= Toordand =

Village in Pakistan

Toordand is a small village of Khyber Pakhtunkhwa, Pakistan. The union council is "Janoobi Ward Karak City".

==History==
About 50 years ago, there was a pond in this place whose water looked blackish. So this place became famous as Toordand because Toor means blackish in Pashto language. Then people started living around this pond and the village formed.

==Location and geography==
It is located, between Bannu Road and Indus Highway, in the west of the Karak city of Khyber Pakhtunkhwa. The area of the village is about 4.5 square km. The neighbouring areas are Tapi Kala, Kanda Kala, Sur Dag and Ambiri Kala.

==Population and literacy rate==
About 6000 people live in Toordand. The literacy rate is more than 60%.

==Climate==
The weather in summer is hot and in winter it is cold. The rate of rain fall is also moderate.

==Language==
The native language of this region is Pashto.

==Culture==
The common dress of the inhabitants is Shalwaar Qameez. Most of the population live in mud houses. The common eatables of the people of this village are Saag, Chattni, Lassi, Deodi and Pyasa etc.

==Religion==
Almost all of the population follow the religion of Islam.

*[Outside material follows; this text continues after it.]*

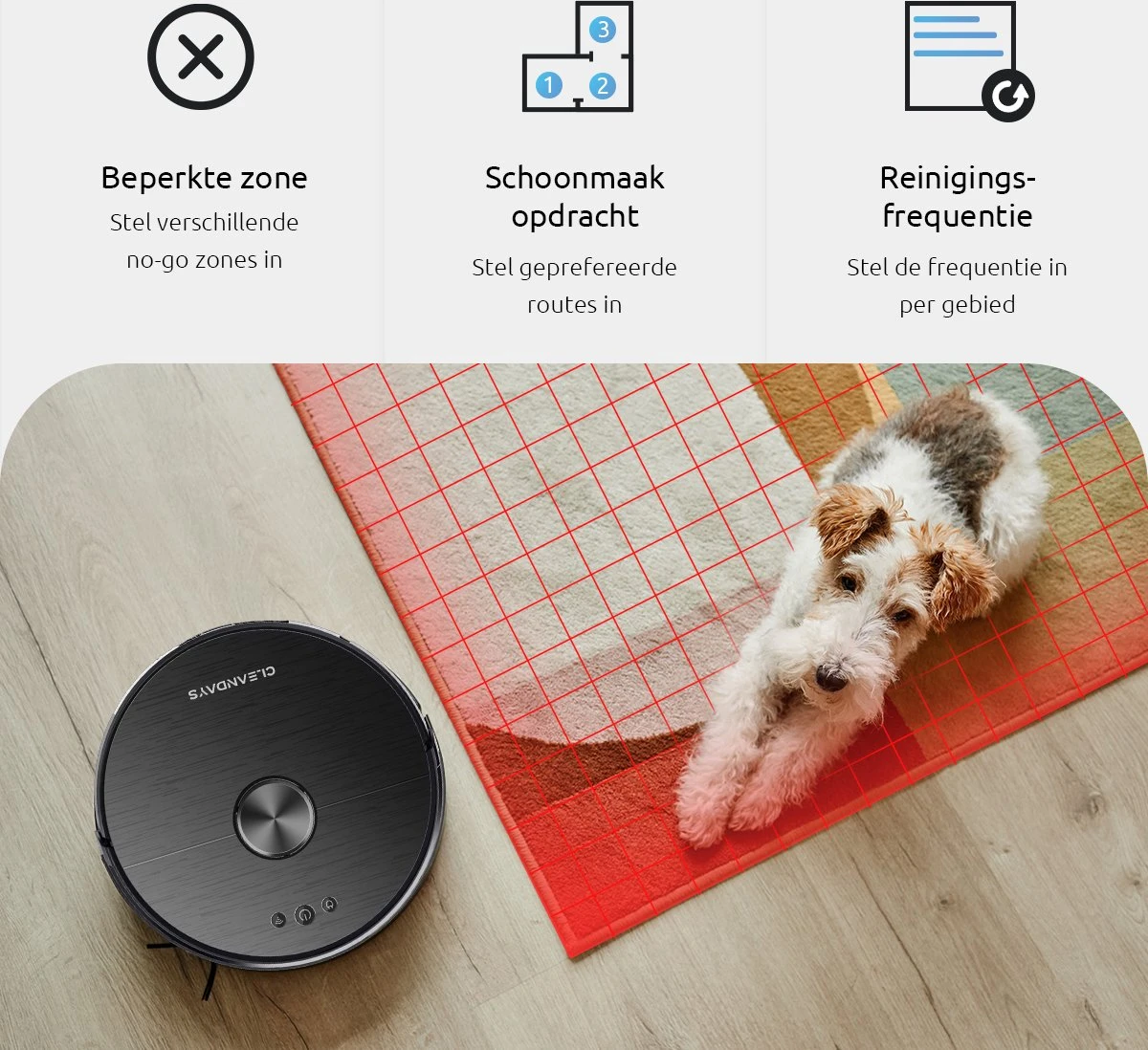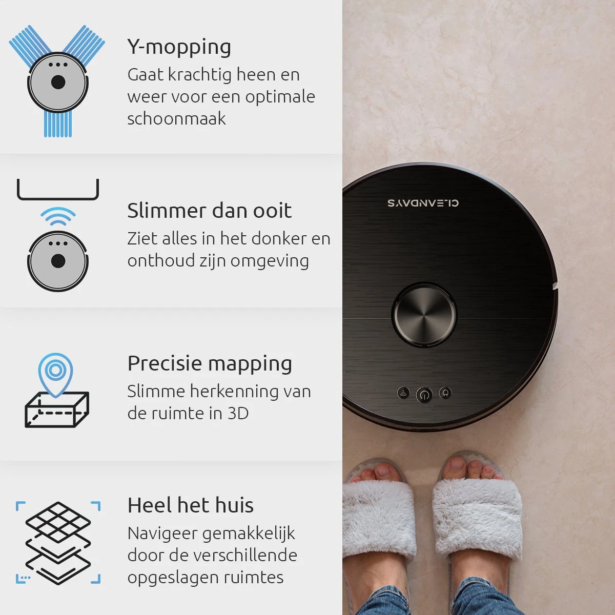 De CleanDays XR500 Robotstofzuiger met geavanceerde dweilfunctie & LASER Navigatie Is er een van het hoogste niveau. Dankzij de intelligente Smart 360° Laser-Radar met LDS én SLAM technologie maakt deze robot super nauwkeurig schoon. Via de kaart in de app welke het apparaat in real-time maakt kunnen in de app NO-GO-zones gemaakt worden en zal de robot objecten perfect ontwijken. Dankzij het driedubbele HEPA-filtersysteem is deze robot ook ideaal voor mensen met allergieën. De hoge zuigkracht met tapijt sensor en turbo boost, dubbele zijborstels en midden borstel geven dierenharen geen kans. Met een supersterke accu van 3200 mAh kan tot wel 3 uur of 230 m2 schoongemaakt worden en als dat niet genoeg is, dan laadt de robot zich vanzelf op en gaat dan weer verder waar deze gebleven was.
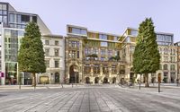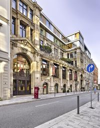 A bustling city street in Hamburg, Germany, offers a mix of classic architecture, urban infrastructure, and modern storefronts. With its rich history and vibrant culture, the neighborhood is bustling with activity, from people out to eat and shop, to travelers staying in nearby hotels. A clear sky reflects off the pavement and brick walls, creating a beautiful scene of urban life in Europe.

==Agriculture and occupation==
Most of the people of this village do jobs in different areas of the world. The major winter crops are Wheat and Grams and summer crops are Jawar and Bajra.

==Specialties==
- A big salt mine is situated in this village.
- There is a Grid Station (132 KW) in this village which provides electricity to the neighbouring areas.
- A petrol pump named "Sheen Ghar Petrol Station" is also situated in this village.
- There is also a big technical College offering a number of courses and diplomas.
- A Timber (wood) Mill is also situated in this village which provides articles of furniture to the people of this region.
- Gull Raees Sweets House which is famous for its sweets in the whole region is also located in this village.